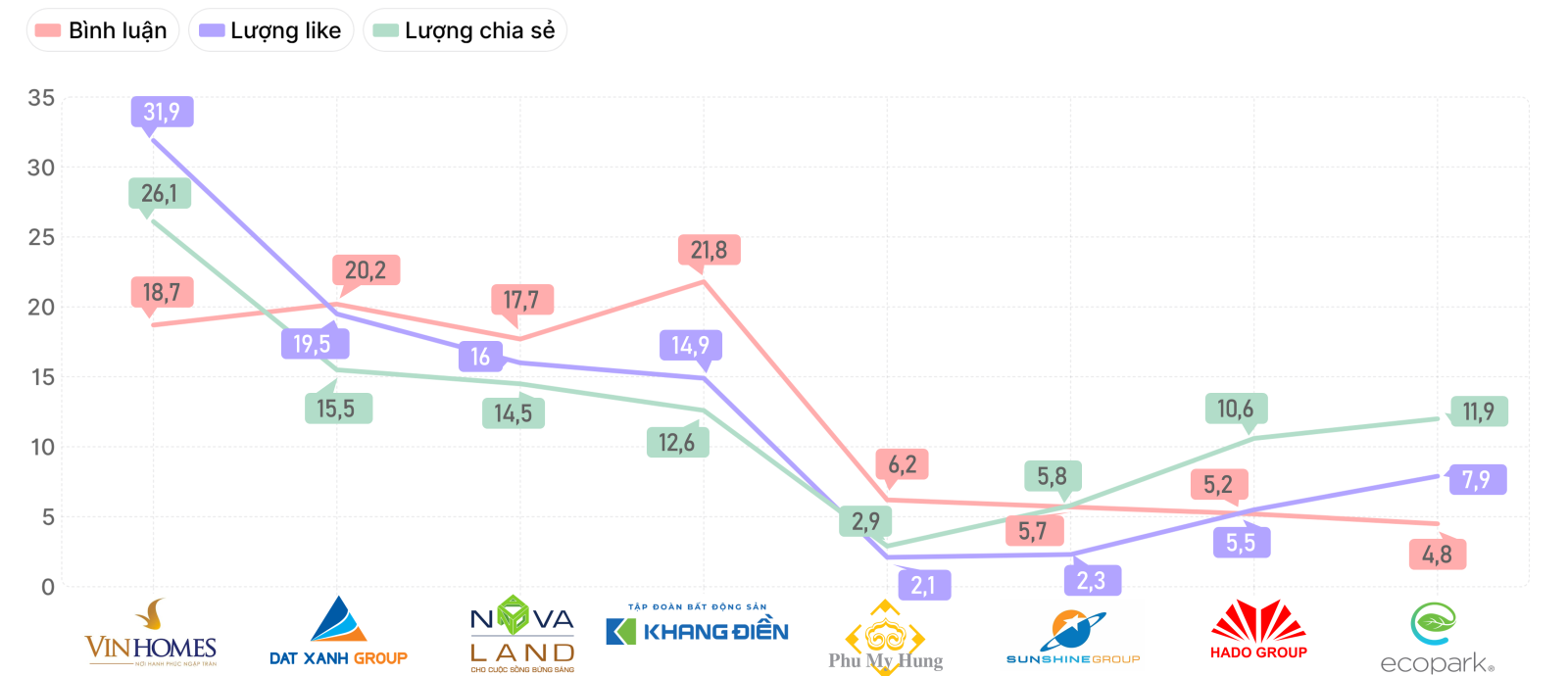 Ở tỷ lệ lượt like, Vinhomes tiếp tục giữ vị trí dẫn đầu với 31,91%, thể hiện mức độ yêu thích cao từ người dùng mạng xã hội. Đất Xanh (19,45%) và Novaland (15,96%) duy trì sự hiện diện nổi bật trong nhóm đầu, trong khi Khang Điền (14,89%) cho thấy khả năng thu hút tương tác tích cực tương đối ổn định. Các thương hiệu còn lại như Ecopark Group (7,90%), Hà Đô (5,47%), Sunshine Group (2,28%) và Phú Mỹ Hưng (2,13%) ghi nhận tỷ lệ like thấp hơn, phản ánh sức hút còn khiêm tốn trên nền tảng số.
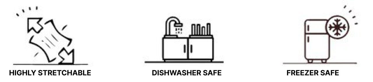 Reusable, dishwasher safe, and suitable for use in the fridge or freezer.
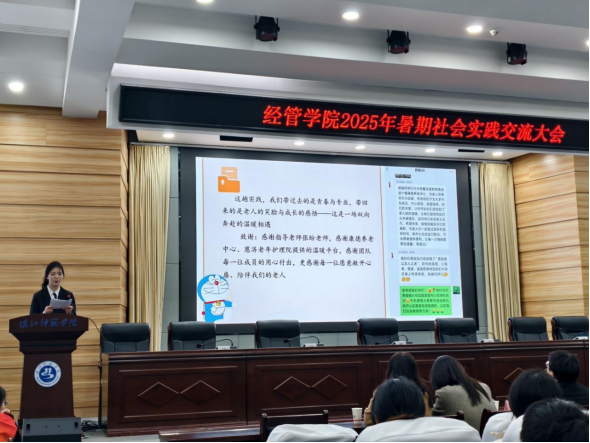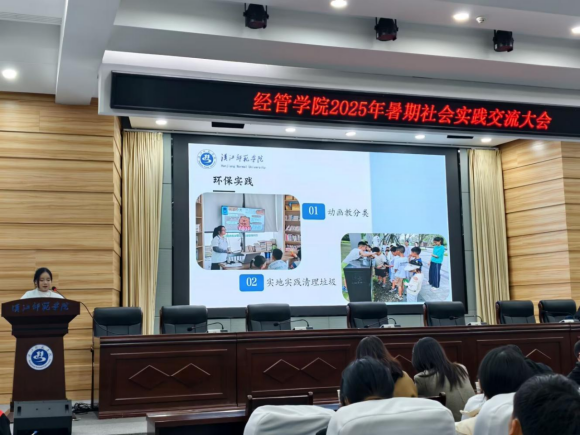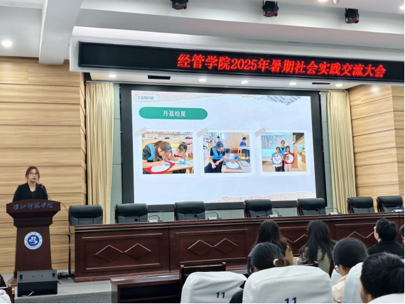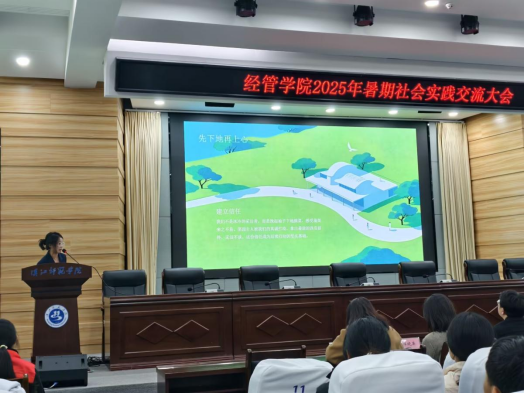 10月20日晚,经管学院暑期社会实践交流大会在崇文楼C101顺利开展。经济与管理学院党委书记陈爱梅、副院长杨新东、学工办主任李亚迪、部分教师与230名2025级新生参会,共话实践收获。
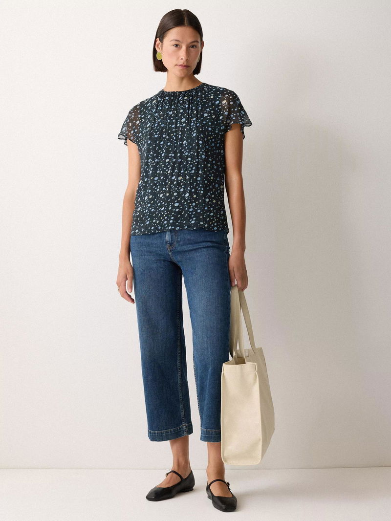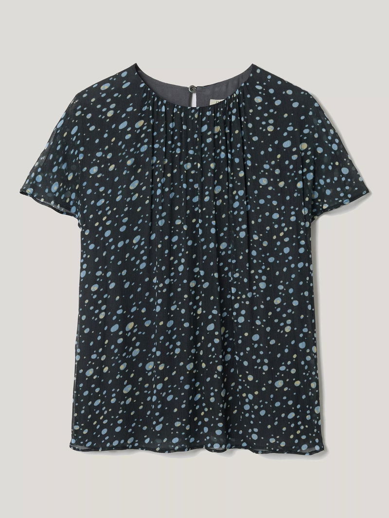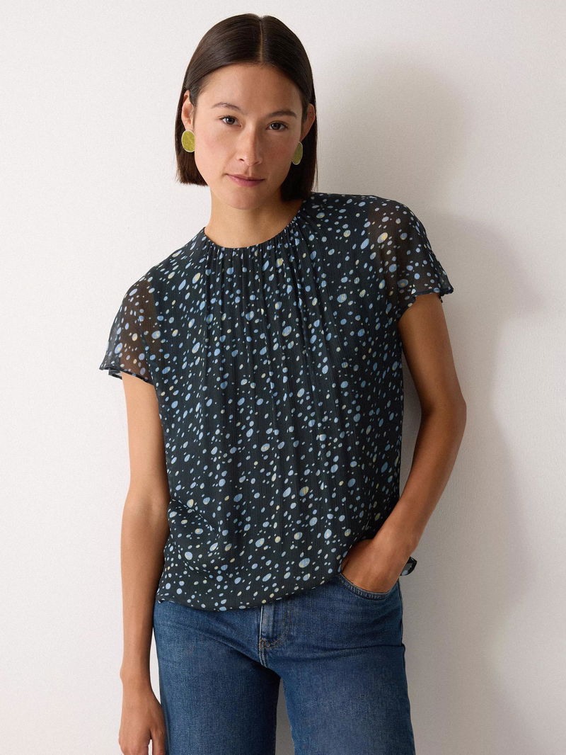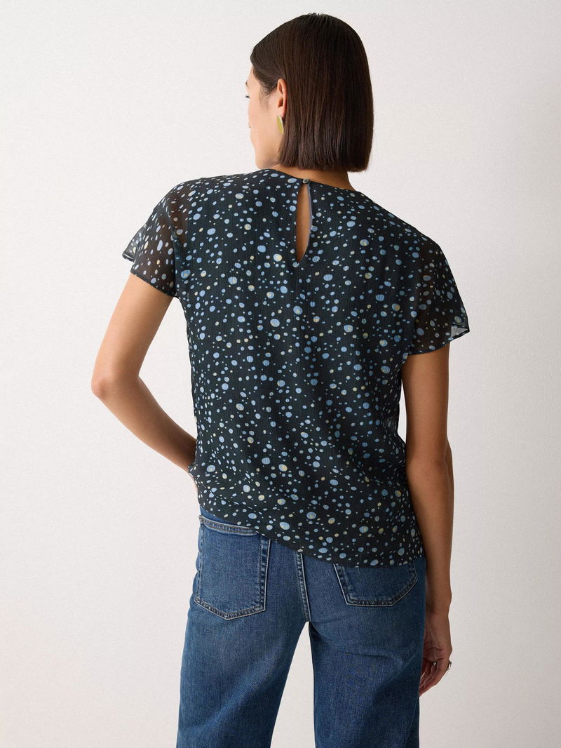 For the casual everyday, this T-shirt from Jigsaw has a classic polka dot print. Cut with a softly rounded neckline and short sleeves, it is made with light yet robust fabric for longevity of wear and will slot seamlessly into your everyday staples.

Problem description
Reprint the data verbatim, pictures excluded.

Answer for this exercise
 Ở tỷ lệ lượt like, Vinhomes tiếp tục giữ vị trí dẫn đầu với 31,91%, thể hiện mức độ yêu thích cao từ người dùng mạng xã hội. Đất Xanh (19,45%) và Novaland (15,96%) duy trì sự hiện diện nổi bật trong nhóm đầu, trong khi Khang Điền (14,89%) cho thấy khả năng thu hút tương tác tích cực tương đối ổn định. Các thương hiệu còn lại như Ecopark Group (7,90%), Hà Đô (5,47%), Sunshine Group (2,28%) và Phú Mỹ Hưng (2,13%) ghi nhận tỷ lệ like thấp hơn, phản ánh sức hút còn khiêm tốn trên nền tảng số.
 Reusable, dishwasher safe, and suitable for use in the fridge or freezer.
 10月20日晚,经管学院暑期社会实践交流大会在崇文楼C101顺利开展。经济与管理学院党委书记陈爱梅、副院长杨新东、学工办主任李亚迪、部分教师与230名2025级新生参会,共话实践收获。
 For the casual everyday, this T-shirt from Jigsaw has a classic polka dot print. Cut with a softly rounded neckline and short sleeves, it is made with light yet robust fabric for longevity of wear and will slot seamlessly into your everyday staples.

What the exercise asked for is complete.